Enfin, nous nous ébranlâmes pour nous porter en avant ; notre division était à l’extrême droite. En colonne serrée, nous traversâmes la route et nous nous portâmes directement sur le village à droite de Strasiedel. Nous laissions à notre gauche le monument élevé à la mémoire du grand Gustave-Adolphe, tué à cette place en 1632.

En avant de Strasiedel, nous fûmes salués par toute l’artillerie de la gauche de l’armée ennemie et horriblement mitraillés. Menacés par la cavalerie, nous passâmes de l’ordre en colonne en formation de carré, et nous reçûmes dans cette position des charges incessantes que nous repoussâmes toujours avec succès.

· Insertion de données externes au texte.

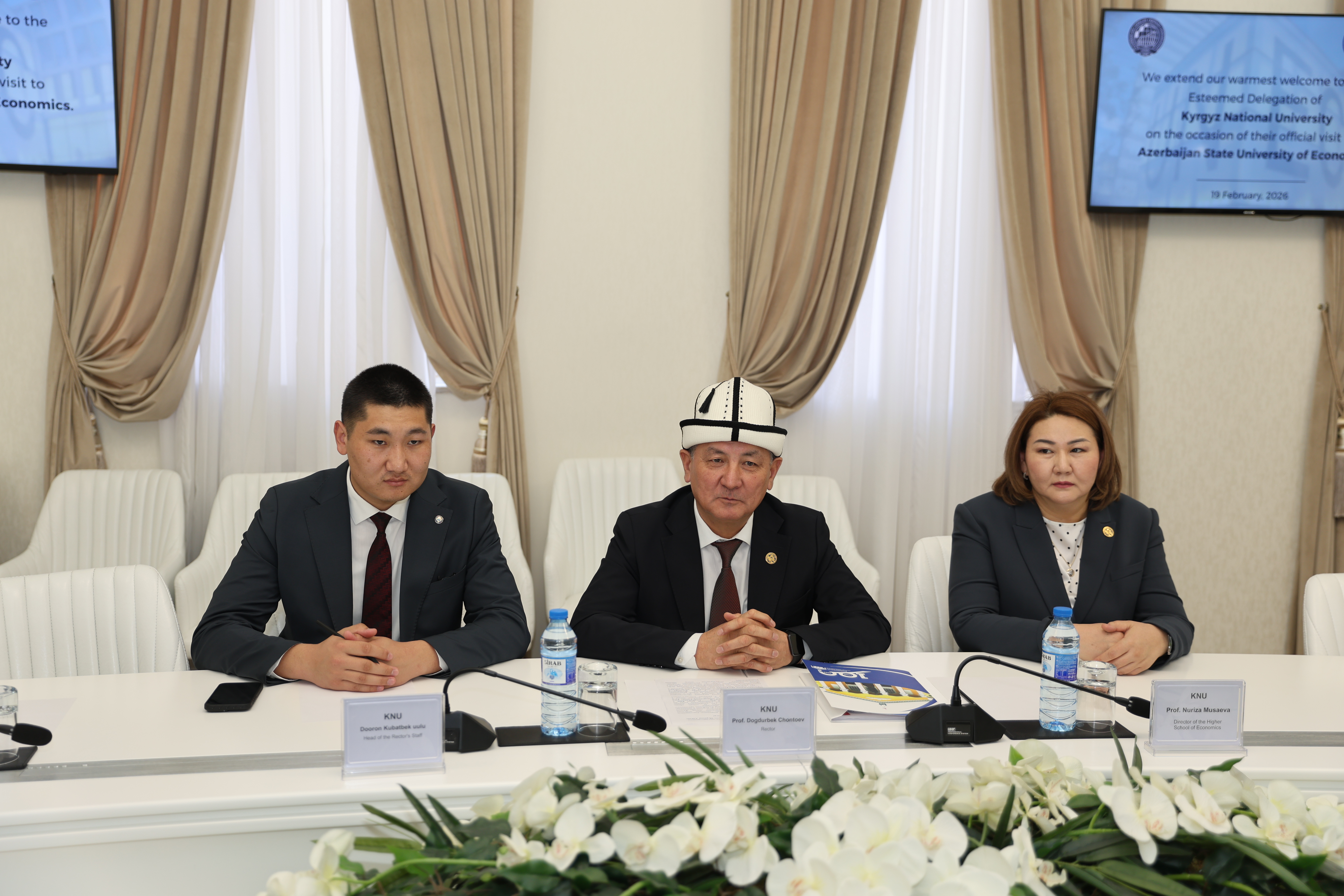 Qırğızıstanın Yusif Balasaqunlu adına Qırğız Milli Universitetinin rektoru Dogdurbek Çontoyevin rəhbərlik etdiyi nümayəndə heyəti UNEC-də səfərdə olub.

Dès le commencement de l’action, le colonel Henrion eut l’épaulette gauche emportée par un boulet et fut obligé de se retirer. Le commandant Fabre prit le commandement du régiment et fut remplacé par un capitaine. En moins d’une demi-heure, moi, le cinquième capitaine du bataillon, je vis arriver mon tour de le commander.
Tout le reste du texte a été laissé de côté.